# Do people think your weird?



## Incubuss (Dec 19, 2006)

Do people think you're weird for keeping snakes, spiders scopions ect?


----------



## stephenie191 (May 29, 2007)

YES! the amount of people who go 'WHY? THERE HORRIBLE N SLIMEY'' - they say there scared but, they've never even held a snake or lizard! :-x


----------



## HABU (Mar 21, 2007)

most just think i'm crazy.... and snakes have nothing to do with it.:lol2:


----------



## SuperTed (Apr 19, 2007)

i was thinking this along with r5_gt-turbo the other day when was the word slimey linked with snakes and why? its such a stereotypical world heh?


----------



## gecko-mad (Mar 23, 2007)

I took Raison, my leo, to a friends house the other day to show her kids (her son is going mad for one now lol). She looked at me like i was wierd but then started sweating because she was scared! LOL


----------



## Athravan (Dec 28, 2006)

When I tell old friends and family that I run a reptile shop they always take a step back and are like "really?" then it's either "why?!" or "great!!"

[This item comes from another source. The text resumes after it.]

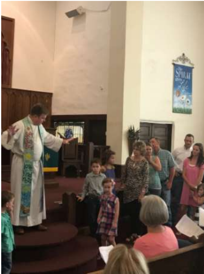
Blessings of the Backpack

People either think it's stupid or fantastic! I think they all think I'm crazy though.


----------



## CT1974 (Mar 29, 2007)

Everyone at work looks at me like I am some kind of freak for having two leos!!! If I talk about my cat, apparently, that's okay and perfectly normal, but the minute I start on the lizard-talk, their faces say it all.

'You're just odd'

'Why would you want them?'

'Creepy crawlies in the house?'

Blah blah......!!!!!!!!! :lol2:

My other half humoured me for a couple of weeks before I got Jeff and Ripley, and then he fell in love with them and keeps talking about getting more and more and more! An easy convert!!! (so cute when he says good morning and good night to them every day! Haha!!!)


----------



## welshgaz (Dec 12, 2005)

yeah my old man thinks I'm nuts... so do most people I know ! In saying that though when you get them out and they are around they are always facinated by them, and quite like thenm when they realise they ain't slimy ! lol


----------



## weeminx (Oct 28, 2006)

i was weird before i got any reps.:lol2:


----------



## HABU (Mar 21, 2007)

i'm still trying to figure out what a R5_gt-turbo is.....:lol2:


----------



## Nerys (Apr 18, 2005)

lol..

most people just think i am slightly insane gernerally...

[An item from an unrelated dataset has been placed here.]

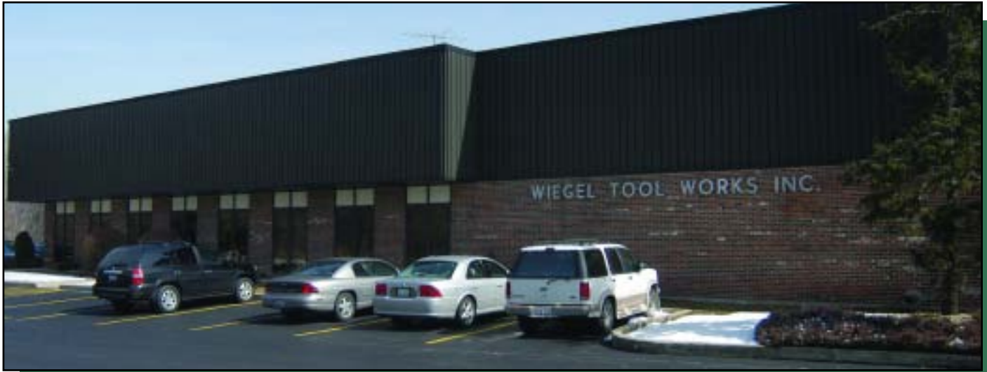
Wiegel Tool Works facility located in Wood Dale, IL, just about 15 minutes north of downtown Chicago.

who wants to be normal anyway!

N


----------



## Tops (Apr 26, 2007)

Yes im considered weird and people keep telling me to put my clothes on


----------



## HABU (Mar 21, 2007)

normal is a misnomer


----------



## Nerys (Apr 18, 2005)

lol, normal is boring more like!


----------



## HABU (Mar 21, 2007)

life is going to suck today. expecting over 92f temps!!.....


----------



## weeminx (Oct 28, 2006)

go sit in the fridge


----------



## DeanThorpe (Apr 9, 2006)

nobody has given me or trese the impression they think we are atall odd keeping reptiles, infact we have had almost perfect reactions from everybody who has seen them, and those who have only heard about our reps seem ok with it...Luckily


----------



## balthazar196 (Jun 1, 2007)

People think that i am insane, my immediate family were totally stunned at the fact that i wanted to get one, they were all like "its scaly it doesnt have fur and it doesnt make a noise" and thats why they didnt like it but now its been 9 months almost and they just think im weird because ive bought him a harness :lol2:


----------



## Jinx (May 31, 2005)

Oh yes, without a doubt.
I have no one around or anyone i work with who owns reptile, so most people think im weird, that and my personality does'nt help. im just weird full stop. lol

edit: and i'd rather be weird then normal.


----------



## DeanThorpe (Apr 9, 2006)

HABU said:


> life is going to suck today. expecting over 92f temps!!.....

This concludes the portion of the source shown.